Ik kreunde. Hoe was ik nou weer in deze situatie terecht gekomen? Alles leek vrolijk en gezellig. Niks aan de hand, zou je zeggen. Maar ik wist dat het slechts een kwestie van tijd was voordat we in de problemen zouden komen.
Plots voelde ik een koude hand op mijn schouder. Verbaasd draaide ik me om. Ik keek recht in de zeeblauwe ogen van Carlos, een van de vrienden van Noël. Ik rolde met mijn ogen. Daar begonnen de problemen al.

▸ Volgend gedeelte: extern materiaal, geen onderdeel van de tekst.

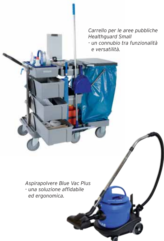
Carrello per le aree pubbliche Healthguard Small - un connubio tra funzionalità e versatilità.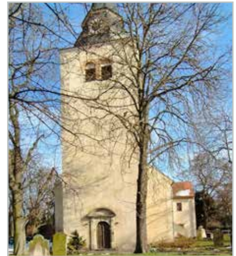
Auch an der Barleber Kirche will die Kirchengemeinde Frühjahrsputz machen.

>> Helfende Hände werden gesucht für den diesjährigen Frühjahrsputz der evangelischen Kirchengemeinde: In Ebendorf wird am 15. März ab 9 Uhr geharkt, gefegt und aufgeräumt. In Barleben ist die Aktion für Sonnabend, 5. April, ab 9 Uhr angesetzt. Was steht an? Flächen abharken, Beete herrichten, Laub und Geäst in Container laden und vieles mehr. Mitzubringen sind gute Laune, geeignete Gartengeräte, Handschuhe ... Es wäre toll, wenn sich Menschen finden, die bereit sind, Frühjahrsputz in unseren Gemeinderäumen zu leisten, eventuell auch die Fenster zu putzen! Danke schon jetzt an alle, die uns Jahr für Jahr unterstützen und herzlich willkommen allen, die für sich entscheiden: Ja, ich bin auch dabei! Übrigens: Alle Helfenden sind versichert. (Ute Lüder/aa)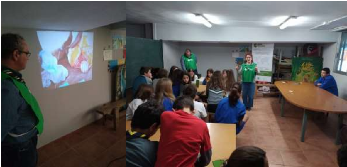
Ilustración 6 Actividad con Agua de Coco - Tropa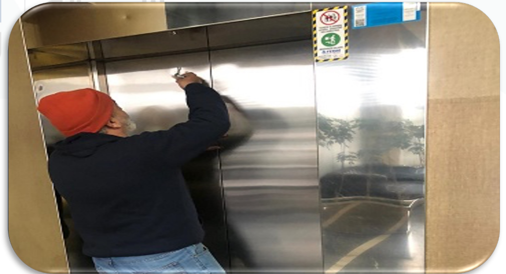
Asansörlerin aylık bakım faaliyeti gerçekleştirilmiştir.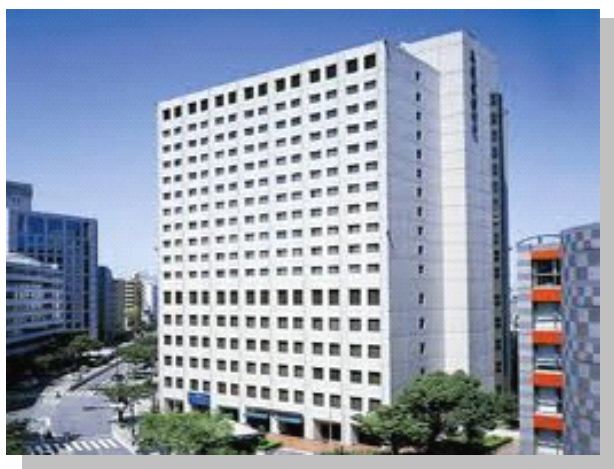
大阪 ホテルコムズ大阪 様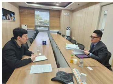
2024. 4. 18(목)/뉴라클사이언스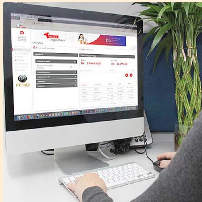
Banco del Tesoro labora por una mayor eficacia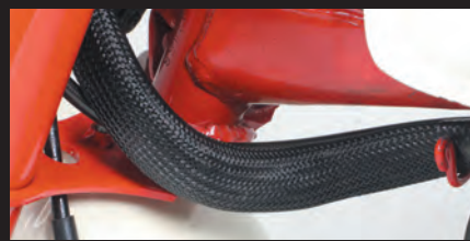
ハーネスネック部分にメッシュチューブを採用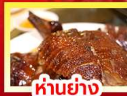
ห่านย่าง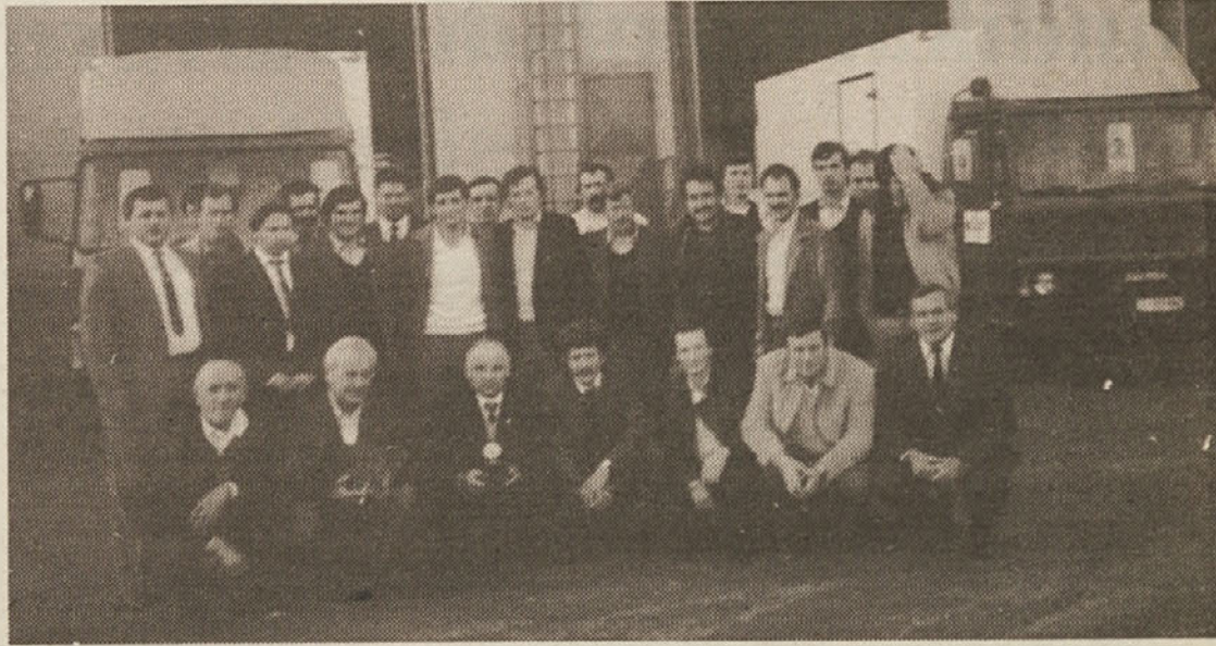
Predstavljamo vam tozid Transport in obrtne storitve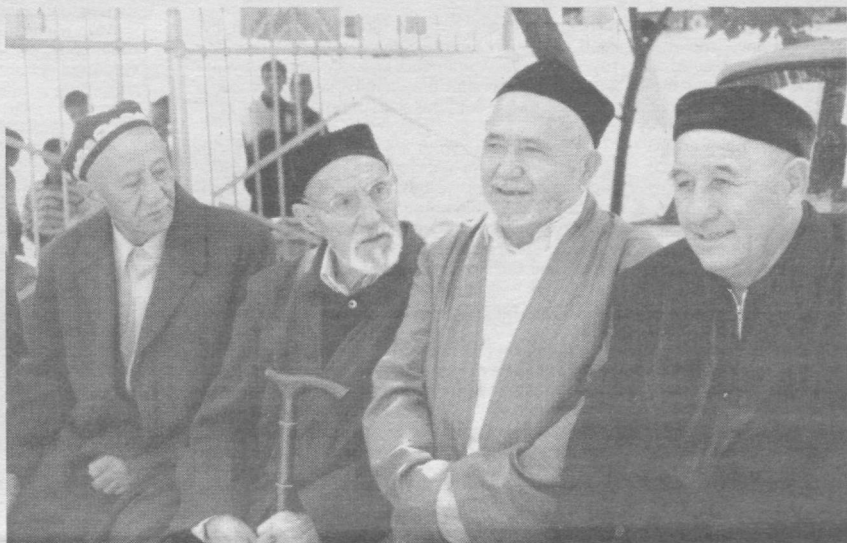
Оилаларимиз ва маҳаллаларимиз кўрки ва файзи бўлган нуруний кексаларимиз бизнинг фахримиз. Улар билан бағримиз бутун, улар билан хонадонларимиз обод.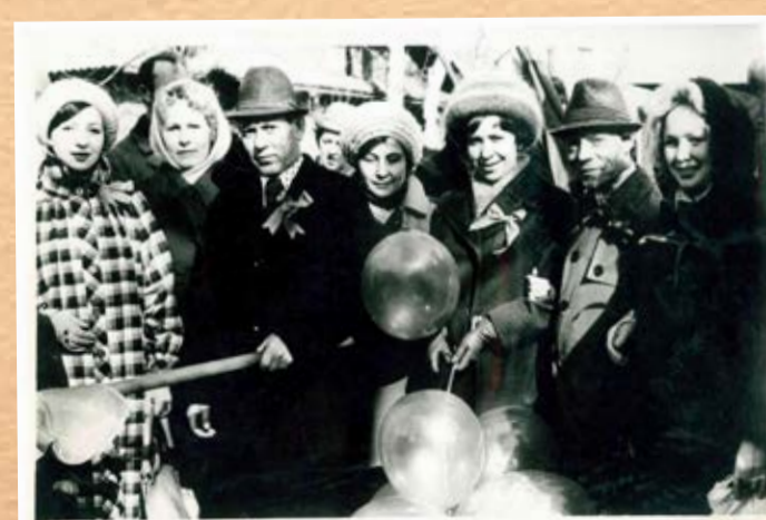
На демонстрации, 70-80 годы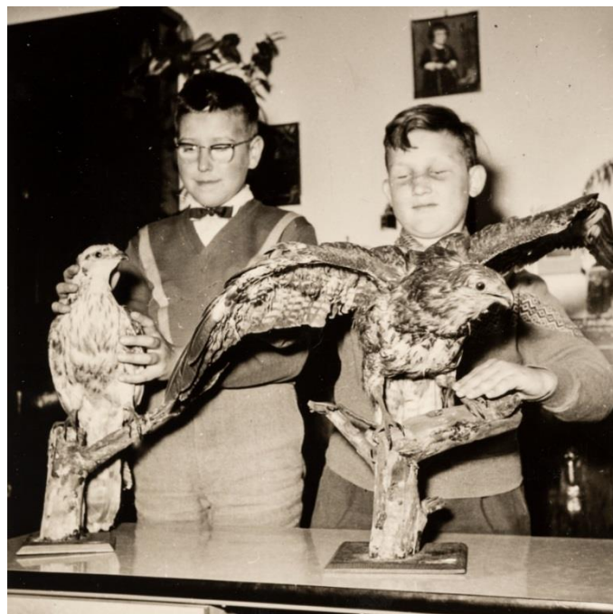
Afbeelding 1: Uit de oude doos, leerlingen met twee opgezette vogels in Spermalie, Brugge

In februari 2018 werd een basisregistratie van de hulpmiddelen door vrijwilligers afgerond en online beschikbaar gesteld op www.erfgoedinzicht.be en www.erfgoedbrugge.be . Opleiding en begeleiding hierbij werden voorzien door depotconsulenten (toen Provincie West-Vlaanderen, vandaag Vlaanderen). Er is sindsdien een gestandaardiseerde inventaris van alle objecten in deze collectie hulpmiddelen in Adlib software beschikbaar, gedocumenteerd met verzorgd fotomateriaal. Dit was een goede basis om een waarderingstraject te starten. Gezien de gespecialiseerde materie en het belang van participatie in dit verhaal, werd er voor geopteerd dit traject te beperken tot de hulpmiddelen voor mensen met een visuele beperking.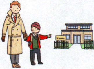
Voy al colegio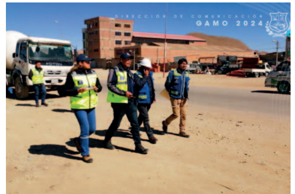
Destacan importancia de ejecutar el proyecto vial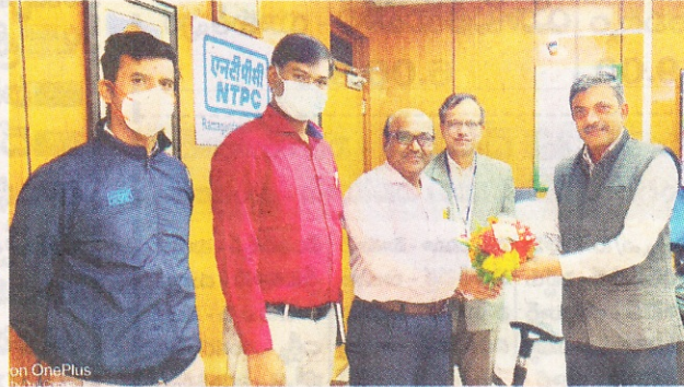
ఎన్టీపీసీ ఫ్లోటింగ్ సోలార్ ప్రాజెక్టు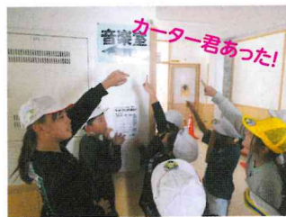
ラッキーカーター君を探せ!

全校登山を予定していましたが、前日の天候が悪かったため、校内で「潟っ子オリエンテーリング」を開催しました。子どもも大人も笑顔でした!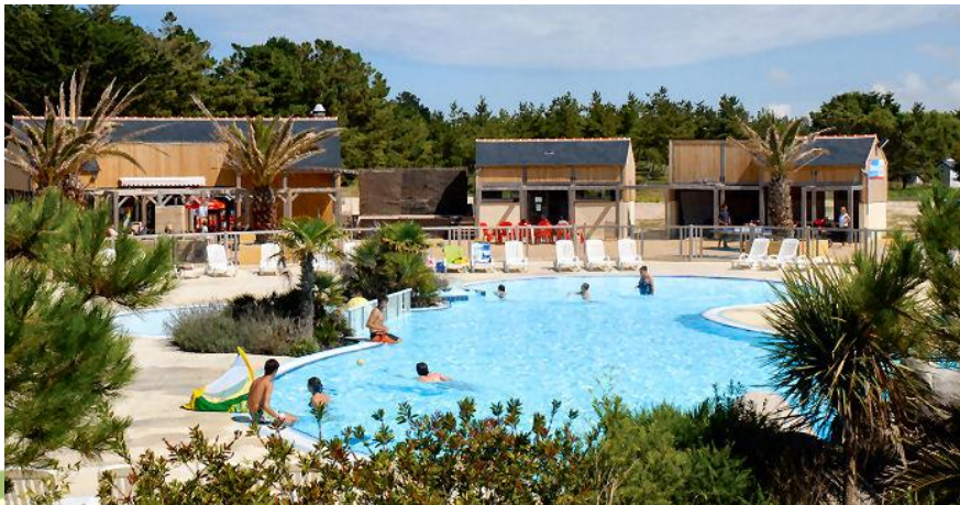
Villages de vacances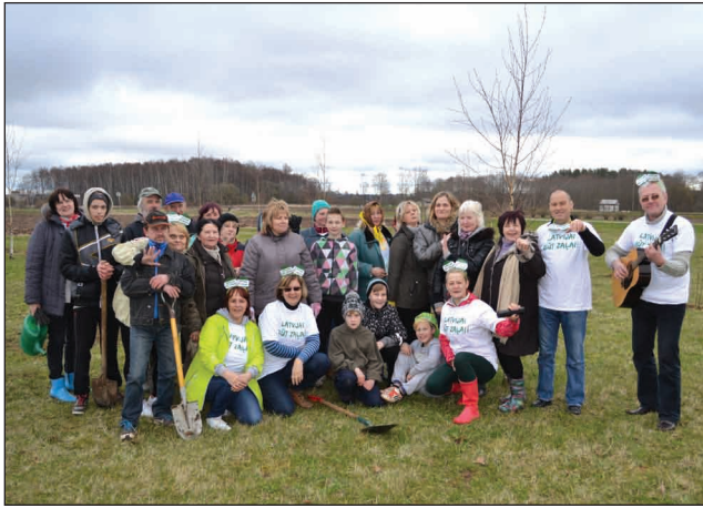
Lielās Talkas dalībnieki Plāņos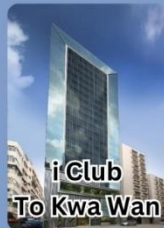
i Club To Kwa Wan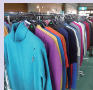
山辺ニットの即売会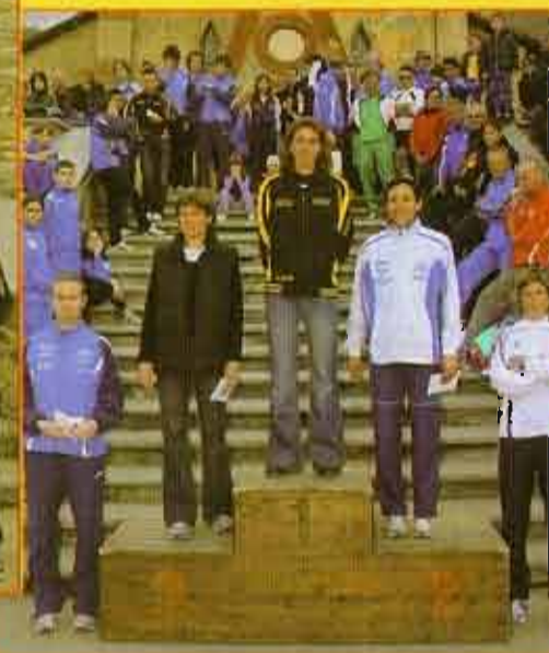
Podio maschile e femminile 2010

"Hey" zei hij terwijl hij nonchalant zijn hand door zijn haar haalde.
"Hey" er klonk een lichte argwaan door in mijn stem. Ik wist dat dit soort jongens altijd iets van je wilde. Maar toevallig was er ook iets wat ik van de jongens wilde.
"Ik zag je hier zo alleen zitten. Ik dacht ik kom er even gezellig bijzitten." Hij vleide zich naast me neer op de boomstam, die ik als een soort bankje gebruikte.
"Ik ben graag alleen."
"Geen enkel meisje kan toch nee zeggen tegen wat mannelijk gezelschap." Losjes legde hij zijn arm om mijn schouder.
Het was me meer dan duidelijk wat hij van me wilde.
Ik glimlachte vilein naar hem. Als hij hier toch was, kon ik hem net zo goed gebruiken.
"Nee, daar heb je natuurlijk gelijk in."
Hij grijnsde breed naar me. Zijn gezicht was nu zo dichtbij dat ik de alcoholgeur die uit zijn mond kwam duidelijk kon ruiken. Hij was overduidelijk dronken.
"Zo dus je bent een grenswachter, dat moet vast erg zwaar werk zijn." Dit soort jongens hielden ervan als ze bewonderd werden. Alles ging hun om status en om het geld natuurlijk.
Grijnzend haalde hij zijn schouders op.
"Ja het is heel erg zwaar werk. Maar we houden er zo veel goede dingen aan over. Status, rijkdom, mooie vrouwen.." zijn blik bleef net iets te lang hangen op mijn borsten.
Ik deed net alsof ik bloosde. Verlegen sloeg ik mijn ogen neer. Hij trok me nog iets dichter tegen zich aan. Hij boog zich voorover en zijn lippen raakten de mijne. Ik duwde ik hem zachtjes terug.
"Laten we wat privacy opzoeken." Fluisterde ik zachtjes in zijn oor.
"Jij hebt er wel zin in." Hij bekeek me met een roofdierachtige blik.
Ik legde mijn vinger op mijn lippen en trok hem mee het bos in.
Toen we aan het zicht onttrokken werden door de enorme berkenbomen, begon hij me meteen heftig te zoenen.
Zijn handen gleden hebberig over mijn lichaam.
Ik liet hem zijn gang gaan, maar tegelijkertijd gleed mijn hand naar mijn laars. Ik moest dit maar heel even verdragen, dan kon ik hopelijk krijgen wat ik wilde. Ik voelde weer het vertrouwde gevoel van het heft van mijn kersenhouten mes. Met een soepele beweging trok ik het eruit. Toen ik deed alsof ik hem door zijn nek wilde strelen, drukte ik het mes stevig tegen zijn keel. Met alle kracht die ik had ramde ik hem tegen een boom en pinde hem stevig vast. Hij kon geen kant op.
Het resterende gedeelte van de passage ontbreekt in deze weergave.